[<prev] [next>] [<thread-prev] [thread-next>] [day] [month] [year] [list]
Message-ID: <20181017145904.GC9167@intel.com>
Date: Wed, 17 Oct 2018 22:59:04 +0800
From: Aaron Lu <aaron.lu@...el.com>
To: Mel Gorman <mgorman@...hsingularity.net>
Cc: linux-mm@...ck.org, linux-kernel@...r.kernel.org,
Andrew Morton <akpm@...ux-foundation.org>,
Huang Ying <ying.huang@...el.com>,
Dave Hansen <dave.hansen@...ux.intel.com>,
Kemi Wang <kemi.wang@...el.com>,
Tim Chen <tim.c.chen@...ux.intel.com>,
Andi Kleen <ak@...ux.intel.com>,
Michal Hocko <mhocko@...e.com>,
Vlastimil Babka <vbabka@...e.cz>,
Matthew Wilcox <willy@...radead.org>,
Daniel Jordan <daniel.m.jordan@...cle.com>,
Tariq Toukan <tariqt@...lanox.com>,
Jesper Dangaard Brouer <brouer@...hat.com>
Subject: Re: [RFC v4 PATCH 2/5] mm/__free_one_page: skip merge for order-0
page unless compaction failed
On Wed, Oct 17, 2018 at 02:58:07PM +0100, Mel Gorman wrote:
> On Wed, Oct 17, 2018 at 09:10:59PM +0800, Aaron Lu wrote:
> > On Wed, Oct 17, 2018 at 11:44:27AM +0100, Mel Gorman wrote:
> > > On Wed, Oct 17, 2018 at 02:33:27PM +0800, Aaron Lu wrote:
> > > > Running will-it-scale/page_fault1 process mode workload on a 2 sockets
> > > > Intel Skylake server showed severe lock contention of zone->lock, as
> > > > high as about 80%(42% on allocation path and 35% on free path) CPU
> > > > cycles are burnt spinning.
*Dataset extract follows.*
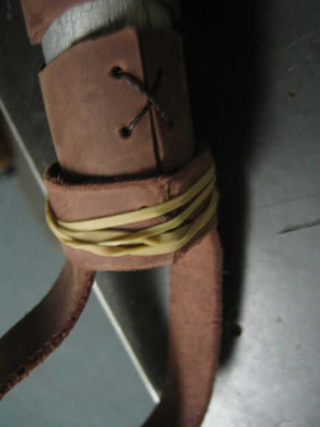 Para el toque final del mango até un lazo en el extremo. Corté una tira fina de cuero y con clavos muy pequeños viro cada extremo de la tira a lados opuestos de la espiga. Entonces yo cortar otra tira de cuero y envuelto alrededor de la culata del mango a la cubierta donde había até el lazo. Para fijarlo he utilizado el mismo método que utiliza para el resto de la empuñadura.
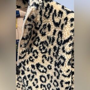 This cozy pullover features a bold leopard print and soft faux-shearling fabric.

With perf, the most time consuming part inside
> > > > that lock on free path is cache missing on page structures, mostly on
> > > > the to-be-freed page's buddy due to merging.
> > > >
> > >
> > > This confuses me slightly. The commit log for d8a759b57035 ("mm,
> > > page_alloc: double zone's batchsize") indicates that the contention for
> > > will-it-scale moved from the zone lock to the LRU lock. This appears to
> > > contradict that although the exact test case is different (page_fault_1
> > > vs page_fault2). Can you clarify why commit d8a759b57035 is
> > > insufficient?
> >
> > commit d8a759b57035 helps zone lock scalability and while it reduced
> > zone lock scalability to some extent(but not entirely eliminated it),
> > the lock contention shifted to LRU lock in the meantime.
> >
>
> I assume you meant "zone lock contention" in the second case.
Yes, that's right.
>
> > e.g. from commit d8a759b57035's changelog, with the same test case
> > will-it-scale/page_fault1:
> >
> > 4 sockets Skylake:
> > batch score change zone_contention lru_contention total_contention
> > 31 15345900 +0.00% 64% 8% 72%
> > 63 17992886 +17.25% 24% 45% 69%
> >
> > 4 sockets Broadwell:
> > batch score change zone_contention lru_contention total_contention
> > 31 16703983 +0.00% 67% 7% 74%
> > 63 18288885 +9.49% 38% 33% 71%
> >
> > 2 sockets Skylake:
> > batch score change zone_contention lru_contention total_contention
> > 31 9554867 +0.00% 66% 3% 69%
> > 63 9980145 +4.45% 62% 4% 66%
> >
> > Please note that though zone lock contention for the 4 sockets server
> > reduced a lot with commit d8a759b57035, 2 sockets Skylake still suffered
> > a lot from zone lock contention even after we doubled batch size.
> >
>
> Any particuular reason why? I assume it's related to the number of zone
> locks with the increase number of zones and the number of threads used
> for the test.
I think so too.
The 4 sockets server has 192 CPUs in total while the 2 sockets server
has 112 CPUs in total. Assume only ZONE_NORMAL are used, for the 4
sockets server it would be 192/4=48(CPUs per zone) while for the 2
sockets server it is 112/2=56(CPUs per zone). The test is started with
nr_task=nr_cpu so for the 2 sockets servers, it ends up having more CPUs
consuming one zone.
>
> > Also, the reduced zone lock contention will again get worse if LRU lock
> > is optimized away by Daniel's work, or in cases there are no LRU in the
> > picture, e.g. an in-kernel user of page allocator like Tariq Toukan
> > demonstrated with netperf.
> >
>
> Vaguely understood, I never looked at the LRU lock patches.
>
> > > I'm wondering is this really about reducing the number of dirtied cache
> > > lines due to struct page updates and less about the actual zone lock.
> >
> > Hmm...if we reduce the time it takes under the zone lock, aren't we
> > helping the zone lock? :-)
> >
>
> Indirectly yes but reducing cache line dirtying is useful in itself so
> they should be at least considered separately as independent
> optimisations.
>
> > >
> > > > One way to avoid this overhead is not do any merging at all for order-0
> > > > pages. With this approach, the lock contention for zone->lock on free
> > > > path dropped to 1.1% but allocation side still has as high as 42% lock
> > > > contention. In the meantime, the dropped lock contention on free side
> > > > doesn't translate to performance increase, instead, it's consumed by
> > > > increased lock contention of the per node lru_lock(rose from 5% to 37%)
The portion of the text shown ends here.